* _The problem_: Retype every line from the start of the entries below down to the line with "2017. Manifestation pour", both ends included; skip the pictures.

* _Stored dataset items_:
# # # # #
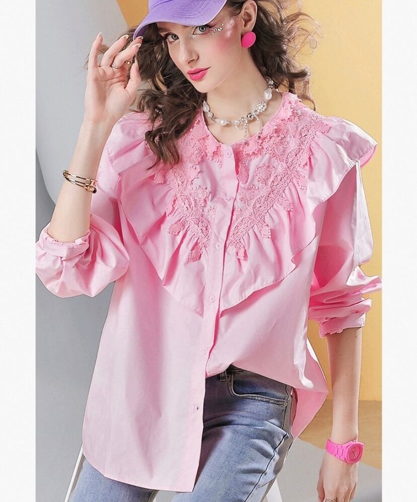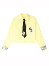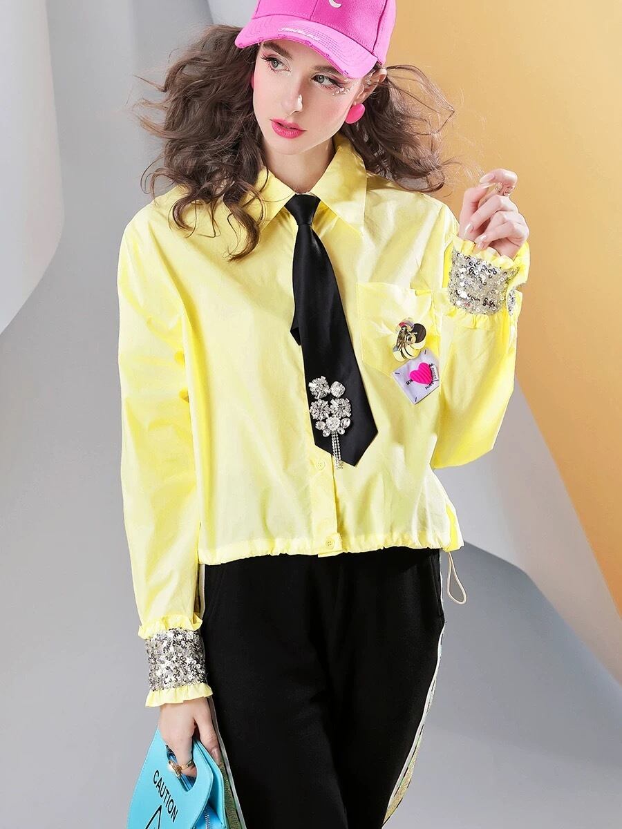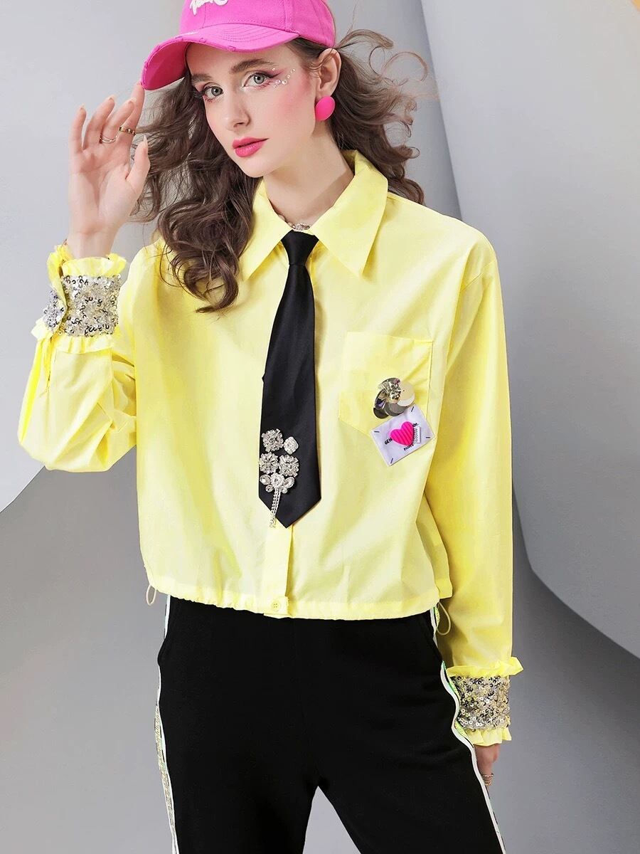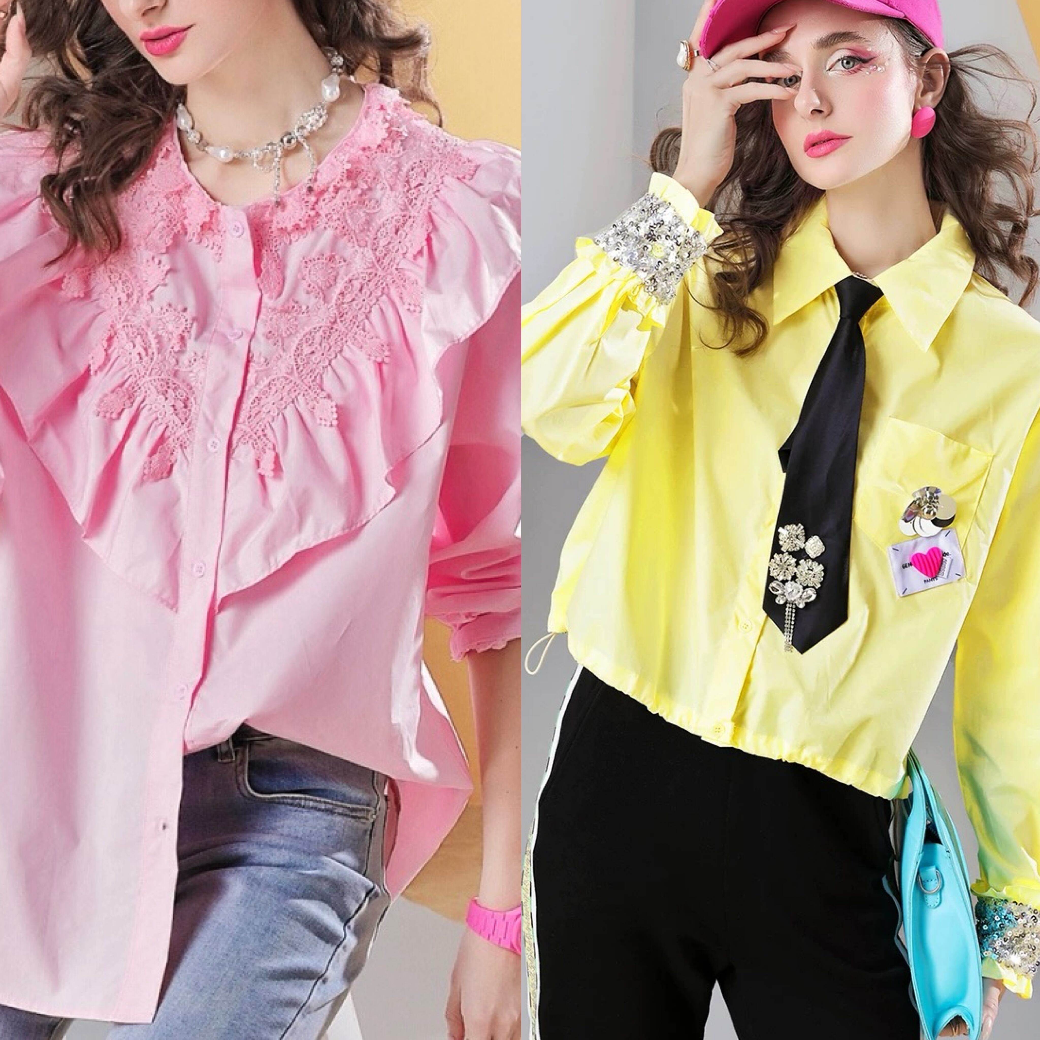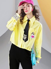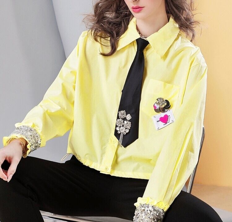 黄色 ピンク トップス シャツ ブラウス、カジュアル ネクタイ、シンプル、かわいい。爽やか、エレガント トップス
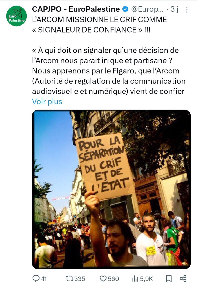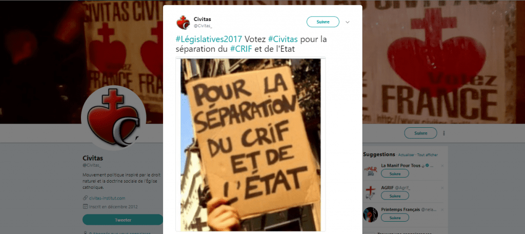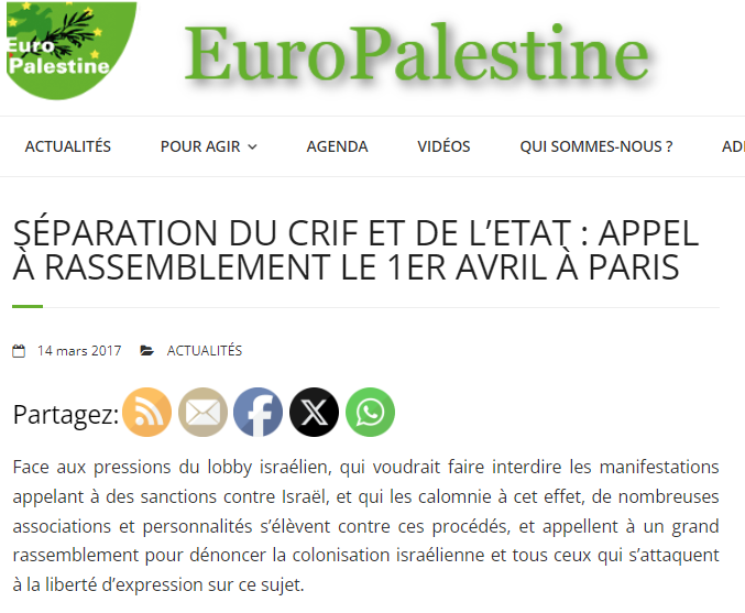 2017. Manifestation pour "la séparation du crif et de l'état", dans la droite continuité de l'extrême droite française à l'instar de Civitas la même année ou de la “séparation de la Synagogue et de l’État” réclamée par l'ancien collaboPierre Sidos, le 6 février 1959,
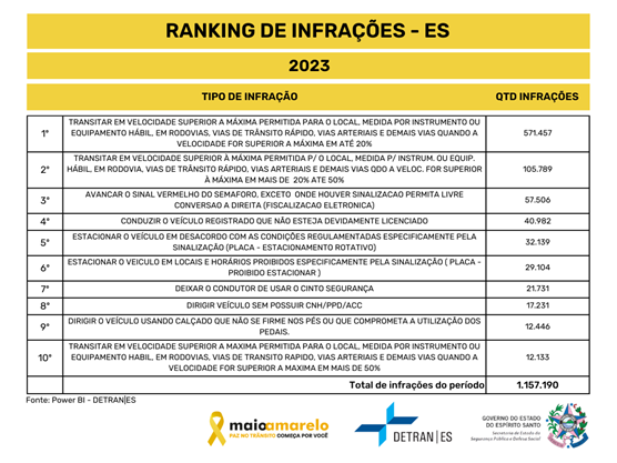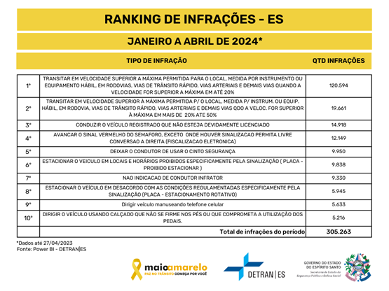 Em relação às infrações previstas no Código de Trânsito Brasileiro (CTB), de janeiro a 27 de abril deste ano, foram 305.263 autuações. No ranking de infrações, transitar em velocidade superior à média permitida para o local é a conduta mais registrada no Estado, o que revela a desobediência de muitos condutores à sinalização de trânsito e aos cuidados essenciais com a segurança.
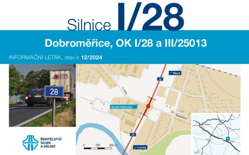 ,,Ředitelství silnic a dálnic zahájí stavbu nové okružní křižovatky na silnici I/28 u Dobroměřic v první polovině roku 2026. Stavba začne v termínu odpovídajícím vhodným klimatickým podmínkám, aby mohla proběhnout plynule a v co nejkratším čase,“ uvedla mluvčí ŘSD Kamila Zahálková.
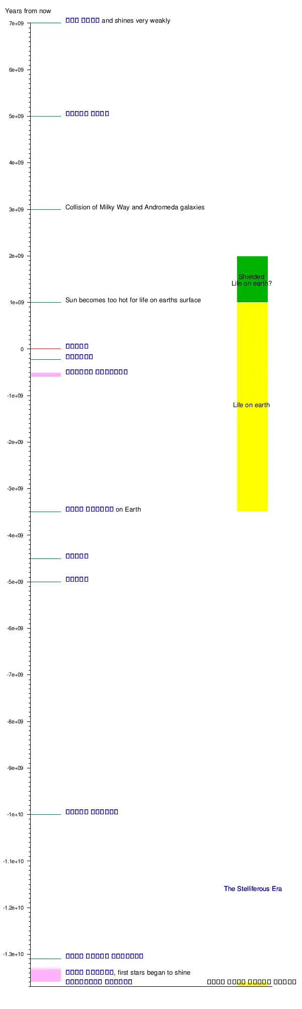 المخطط الزمني الموصوف هنا لماضي الكون ، حاضره ، ومستقبله يعتمد على أحدث المشاهدات والتفسيرات العلمية الحالية. وقد وضعنا العصر الحالي علي مقياس السنوات عند "الصفر" . وتقدر كل مرحلة من التدريج الكبير 1 مليار سنة ، وتبلغ كل فترة للتقسيم الصغير 100 مليون سنة . كما عُلّمت السنوات الماضية بعلامة "ناقص" ، والسنوات القادمة بعلامة ""زائد" . وعلى ذلك فقد تكونت أقدم الصخور على الأرض منذ نحو 4 مليار من السنين ، ويوجد هذا التاريخ عند النقطة ( 4e+09- ) سنة على محور السنين . ونظريا فقد حدث الانفجار العظيم منذ نحو 13.7 مليار سنة (أنظر أيضا الخط الزمني للانفجار العظيم).
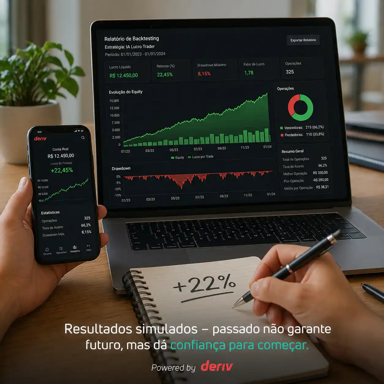 O backtesting de IA não é mágica – é ciência de dados aplicada ao trading. Combinado com uma plataforma de trading automatizado confiável, como a Lucro Trader, e uma corretora sólida (Deriv), você tem em mãos uma ferramenta poderosa para como lucrar com Deriv de maneira mais consistente.
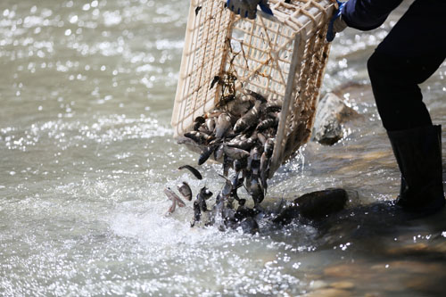 宽阔的水面清波荡漾,鱼儿欢唱。活动现场吸引了近百群众围观。这项活动很有意义,既公益又环保。居民程勇现场说。
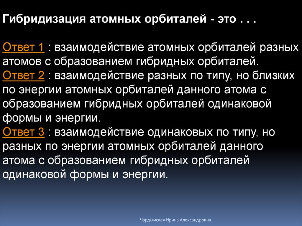 Гибридизация атомных орбиталей - это . . .Ответ 1 : взаимодействие атомных орбиталей разных
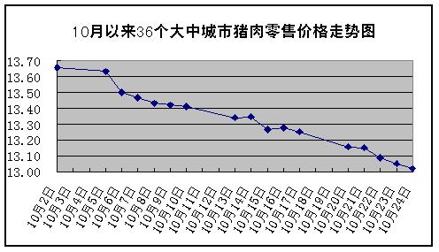中新網(wǎng)10月27日電 據(jù)國家發(fā)改委網(wǎng)站消息,上周(10月20日~10月24日)全國36個大中城市集市、超市豬肉(精瘦肉)平均零售價格每500克為13.09元,與前一周(10月13日~10月17日,下同)相比下降1.58%。
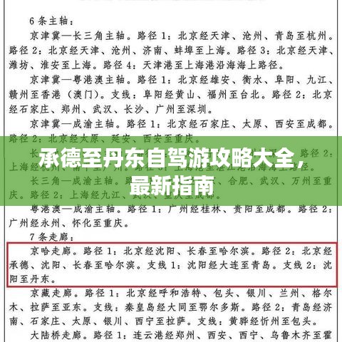 承德与丹东,两地风景如画,历史悠久,文化丰富,自驾旅行爱好者们,是否想要从承德出发,沿着美丽的路线,自驾至丹东,感受一路的风光?本文将为您提供承德到丹东自驾攻略最新指南,助您一臂之力,轻松完成这次自驾之旅。
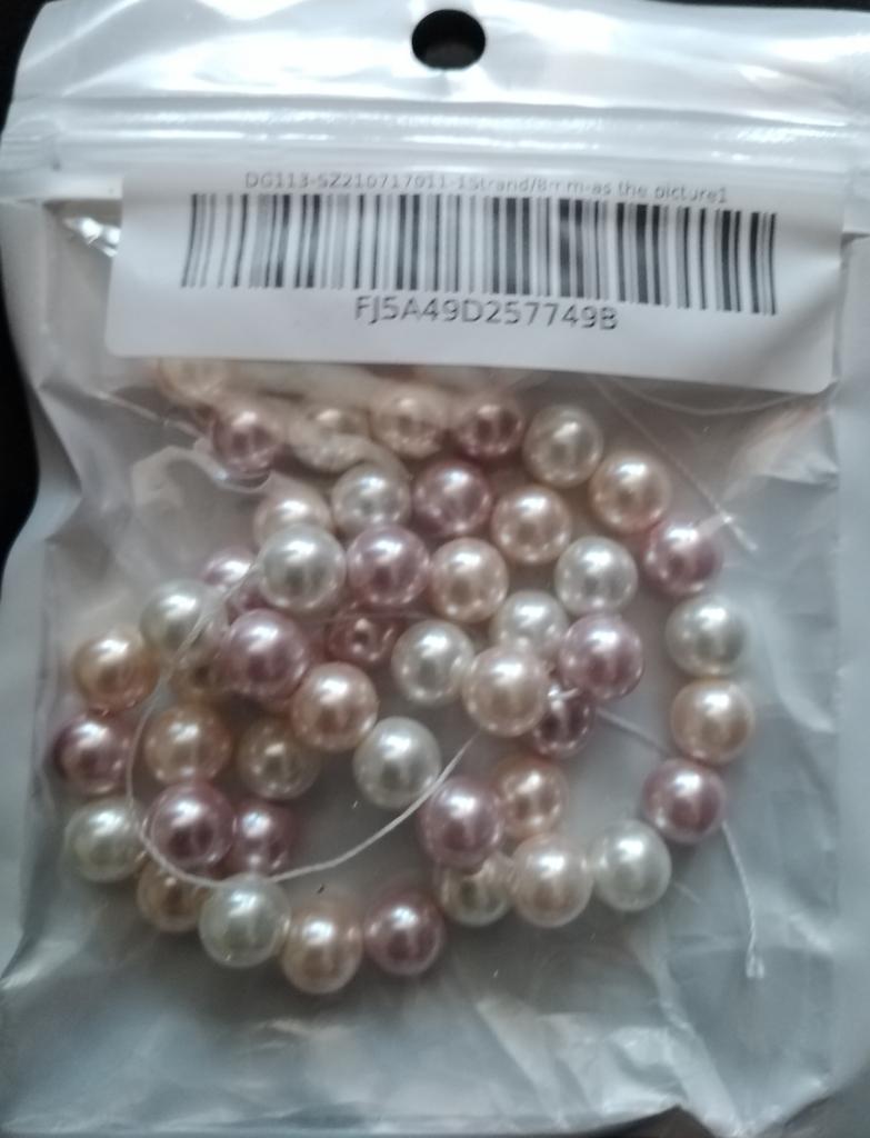 Received the pearl beads. The photos do not match in color - they are yellowish and have little nacre. Disappointed with the purchase.
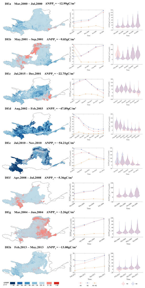 During most drought events, the absolute value of ΔNPP2 exhibited a certain degree of attenuation characteristics. During the DEe, the first month’s ΔNPP2 reached −40.21 gC·m−2, while it attenuated to 1.40 gC·m−2 at the end. This nonlinear attenuation process suggested that there may be some physiological regulatory mechanisms within the ecosystem to mitigate the negative effects of resource competition.
# # # # #
* _Solution to the exercise_:
 黄色 ピンク トップス シャツ ブラウス、カジュアル ネクタイ、シンプル、かわいい。爽やか、エレガント トップス
 2017. Manifestation pour "la séparation du crif et de l'état", dans la droite continuité de l'extrême droite française à l'instar de Civitas la même année ou de la “séparation de la Synagogue et de l’État” réclamée par l'ancien collaboPierre Sidos, le 6 février 1959,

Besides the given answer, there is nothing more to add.